Dear all,
at the Gerrit Contributor Summit there was some interest in the Grafana dashboards for Gerrit that were created as part of the gerrit-monitoring project. Thus, I wanted to give a short update of how the project looks right now.
Some time ago, we at SAP noticed that some operation tasks were more tedious than necessary, since important metrics were not readily available to us, although Gerrit already had support to export them. To mitigate that, we set up a logging/monitoring stack using Prometheus, Loki and Grafana. Since then we have been able to detect issues earlier and also to find the root causes faster than before, greatly helping us in running our Large Gerrit servers. Early on, we published the setup in the gerrit-monitoring project [1].
The gerrit-monitoring project provides an easy setup for all components of the stack into a Kubernetes cluster. It will install Prometheus and configure it to monitor a set of Gerrit servers, either running in a Kubernetes cluster or somewhere else. It will install Grafana together with some dashboards showing the most important metrics. Further, it will install Loki, a log aggregator, that will allow you to access your logs within Grafana. To collect the logs, the setup will also create configuration files for Promtail, the log collector used by Loki.

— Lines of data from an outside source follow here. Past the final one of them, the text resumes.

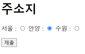안양 : <input type="radio", name="address", value="anyang" checked>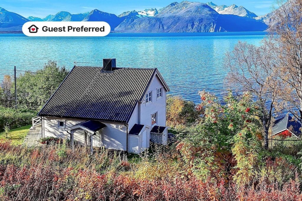 Holiday home by the Lyngenfjord with panoramic views of the beautiful fjord landscape and the mighty Lyngen Alps, Europe's northernmost alpine area. Northern lights in winter and midnight sun in summer. The house was built in 1952 and renovated in 2002. Newly renovated bathroom. On the ground floor there is a kitchen, living room and bathroom. In the attic there are three bedrooms; one with double bed, one with double bed and one single bed and one with single bed. In the living room there is a wood stove, TV with Norwegian and international TV channels. Free internet. The house is located 100 m from the fjord. From both the house and the terrace there are magnificent views of the beautiful fjord landscape in all seasons. The heather alps have glaciers on the mountain tops and is an impressive sight. Jiehkkevarri as the highest mountain rises 1833 masl. The mountain area invites to wonderful mountain and climbing trips. In winter you can sit on the terrace and enjoy the northern lights in all shades of color in the polar sky. In summer, the midnight sun is a great sight and makes the night as bright as the day. A large wilderness area behind the house invites to beautiful walks along the fjord and in the mountains. There are several fishing lakes here, and in the fjord there is good sea fishing. 30 km to Reisadalen with the salmon river Reisaelva and Reisadalen National Park. 12 km to Olderdalen with grocery store. The house is located down by the fjord, while the main road E6 goes behind the house. Parking by the main road 50 m opposite the house.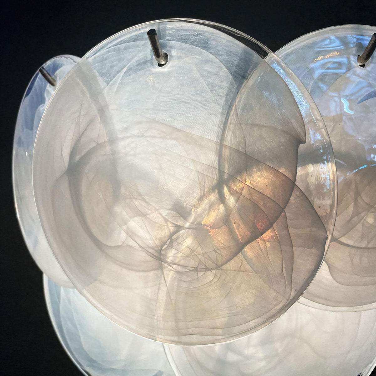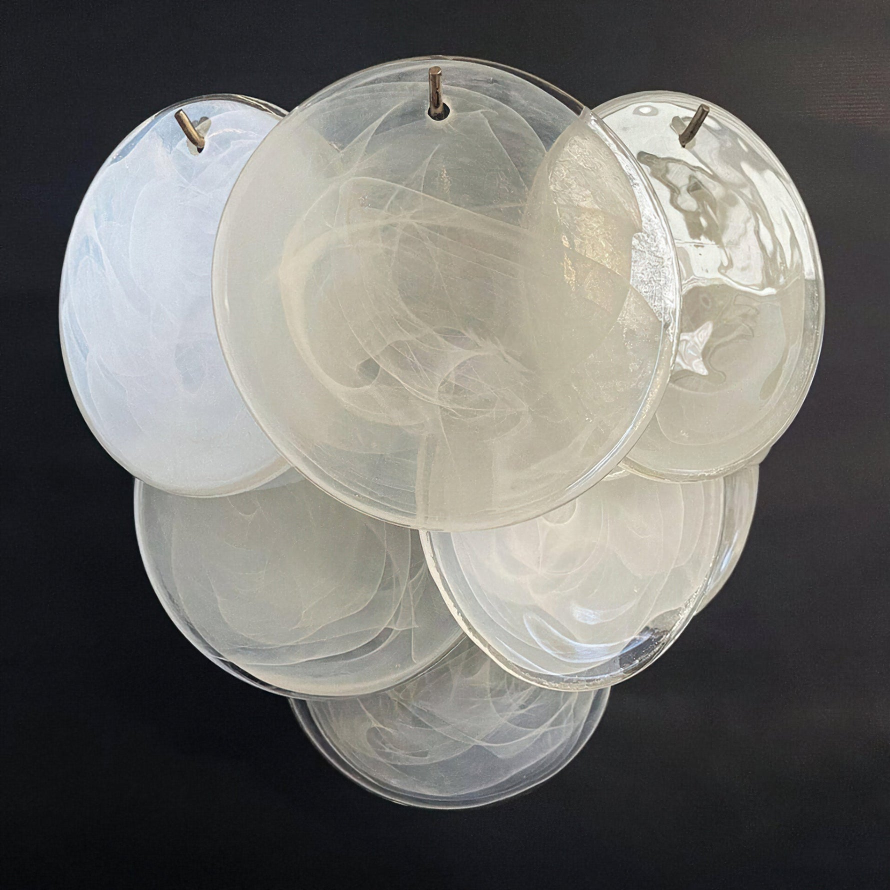 - Inspired by the iconic Vistosi style, Murano Disc Wall Sconce White is a stunning piece of Murano glass art. Featuring 10 white glass discs, each meticulously crafted by skilled artisans, this light fixture creates a mesmerizing spectrum of colors when illuminated. The unique composition of the Murano glass reflects light in a captivating way, transforming any space into a breathtaking work of art.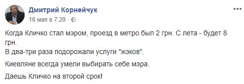 А вот политолог Дмитрий Корнейчук связывает подорожание проезда с пребыванием Кличко на посту мэра: "Когда Кличко стал мэром, проезд в метро был 2 грн. С лета - будет 8 грн. В два-три раза подорожали услуги "жэков". Киевляне всегда умели выбирать себе мэра. Даешь Кличко на второй срок!"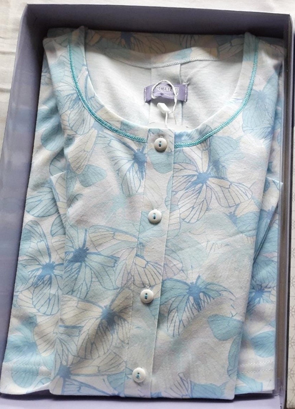 Camicia da notte realizzata in jersey stampato con scollo serafino e soffietto sul retro

To make the setup as easy and quick as possible, the configuration of the helm charts used for deployment of the components is quite opinionated and is based on what we at SAP required of it. However, it will provide a good starting point for everyone and can be easily adjusted to different needs. And contributions with improvements are of course always welcome :-).
A lot of you might not want to install the whole stack or do not have a Kubernetes cluster at your disposal. The dashboards provided by the project can of course also be used with your own Prometheus/Grafana setup, independent of where they run. All dashboards are present in the `dashboards`-directory in the project's root directory and can be imported into any Grafana. I also uploaded the dashboards to the Grafana homepage [2], so that they are more easily discoverable and importable. We would be more than happy about feedback about the dashboards. Also, if you already have your own dashboards, please share them and your experiences, so that we can further improve on the current state.
The current efforts in the project are to use Grafonnet to create the dashboards (already in review), to provide the possibility to use Fluent Bit/Elasticsearch for logging as an alternative to Loki, which still has some issues, and to improve on the installation scripts to make them easier to extend.
I am looking forward to your feedback,
Thomas